◆ REQUIRED WORK
The pictures get dropped, while every remaining part of the listing is copied exactly.

◆ INFORMATION SUPPLIED
=====
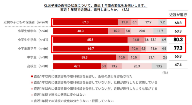 こうした背景を踏まえ、JINSでは近視の子どもを持つ保護者に対してアンケート調査を実施。直近1年間での近視の状況を確認したほか、近視対策への意識や対策方法に関する認知を調べました。
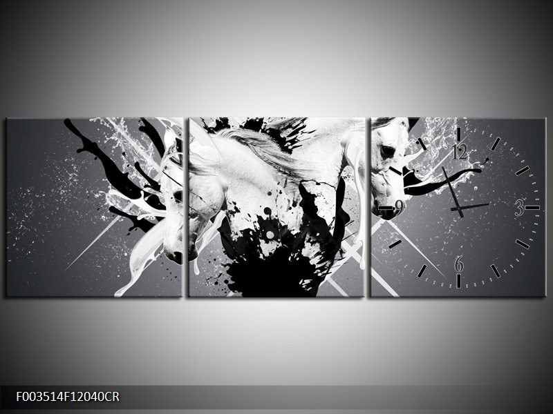 Klok schilderij Abstract | Wit, Zwart, Grijs | 120x40cm 3Luik
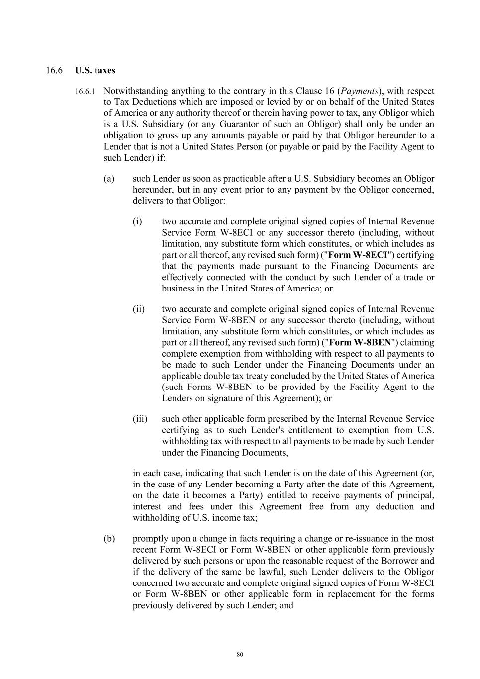 80 16.6 U.S. taxes 16.6.1 Notwithstanding anything to the contrary in this Clause 16 (Payments), with respect to Tax Deductions which are imposed or levied by or on behalf of the United States of America or any authority thereof or therein having power to tax, any Obligor which is a U.S. Subsidiary (or any Guarantor of such an Obligor) shall only be under an obligation to gross up any amounts payable or paid by that Obligor hereunder to a Lender that is not a United States Person (or payable or paid by the Facility Agent to such Lender) if: (a) such Lender as soon as practicable after a U.S. Subsidiary becomes an Obligor hereunder, but in any event prior to any payment by the Obligor concerned, delivers to that Obligor: (i) two accurate and complete original signed copies of Internal Revenue Service Form W-8ECI or any successor thereto (including, without limitation, any substitute form which constitutes, or which includes as part or all thereof, any revised such form) ("Form W-8ECI") certifying that the payments made pursuant to the Financing Documents are effectively connected with the conduct by such Lender of a trade or business in the United States of America; or (ii) two accurate and complete original signed copies of Internal Revenue Service Form W-8BEN or any successor thereto (including, without limitation, any substitute form which constitutes, or which includes as part or all thereof, any revised such form) ("Form W-8BEN") claiming complete exemption from withholding with respect to all payments to be made to such Lender under the Financing Documents under an applicable double tax treaty concluded by the United States of America (such Forms W-8BEN to be provided by the Facility Agent to the Lenders on signature of this Agreement); or (iii) such other applicable form prescribed by the Internal Revenue Service certifying as to such Lender's entitlement to exemption from U.S. withholding tax with respect to all payments to be made by such Lender under the Financing Documents, in each case, indicating that such Lender is on the date of this Agreement (or, in the case of any Lender becoming a Party after the date of this Agreement, on the date it becomes a Party) entitled to receive payments of principal, interest and fees under this Agreement free from any deduction and withholding of U.S. income tax; (b) promptly upon a change in facts requiring a change or re-issuance in the most recent Form W-8ECI or Form W-8BEN or other applicable form previously delivered by such persons or upon the reasonable request of the Borrower and if the delivery of the same be lawful, such Lender delivers to the Obligor concerned two accurate and complete original signed copies of Form W-8ECI or Form W-8BEN or other applicable form in replacement for the forms previously delivered by such Lender; and
=====
◆ OUTPUT OF THE TASK
 こうした背景を踏まえ、JINSでは近視の子どもを持つ保護者に対してアンケート調査を実施。直近1年間での近視の状況を確認したほか、近視対策への意識や対策方法に関する認知を調べました。
 Klok schilderij Abstract | Wit, Zwart, Grijs | 120x40cm 3Luik
 80 16.6 U.S. taxes 16.6.1 Notwithstanding anything to the contrary in this Clause 16 (Payments), with respect to Tax Deductions which are imposed or levied by or on behalf of the United States of America or any authority thereof or therein having power to tax, any Obligor which is a U.S. Subsidiary (or any Guarantor of such an Obligor) shall only be under an obligation to gross up any amounts payable or paid by that Obligor hereunder to a Lender that is not a United States Person (or payable or paid by the Facility Agent to such Lender) if: (a) such Lender as soon as practicable after a U.S. Subsidiary becomes an Obligor hereunder, but in any event prior to any payment by the Obligor concerned, delivers to that Obligor: (i) two accurate and complete original signed copies of Internal Revenue Service Form W-8ECI or any successor thereto (including, without limitation, any substitute form which constitutes, or which includes as part or all thereof, any revised such form) ("Form W-8ECI") certifying that the payments made pursuant to the Financing Documents are effectively connected with the conduct by such Lender of a trade or business in the United States of America; or (ii) two accurate and complete original signed copies of Internal Revenue Service Form W-8BEN or any successor thereto (including, without limitation, any substitute form which constitutes, or which includes as part or all thereof, any revised such form) ("Form W-8BEN") claiming complete exemption from withholding with respect to all payments to be made to such Lender under the Financing Documents under an applicable double tax treaty concluded by the United States of America (such Forms W-8BEN to be provided by the Facility Agent to the Lenders on signature of this Agreement); or (iii) such other applicable form prescribed by the Internal Revenue Service certifying as to such Lender's entitlement to exemption from U.S. withholding tax with respect to all payments to be made by such Lender under the Financing Documents, in each case, indicating that such Lender is on the date of this Agreement (or, in the case of any Lender becoming a Party after the date of this Agreement, on the date it becomes a Party) entitled to receive payments of principal, interest and fees under this Agreement free from any deduction and withholding of U.S. income tax; (b) promptly upon a change in facts requiring a change or re-issuance in the most recent Form W-8ECI or Form W-8BEN or other applicable form previously delivered by such persons or upon the reasonable request of the Borrower and if the delivery of the same be lawful, such Lender delivers to the Obligor concerned two accurate and complete original signed copies of Form W-8ECI or Form W-8BEN or other applicable form in replacement for the forms previously delivered by such Lender; and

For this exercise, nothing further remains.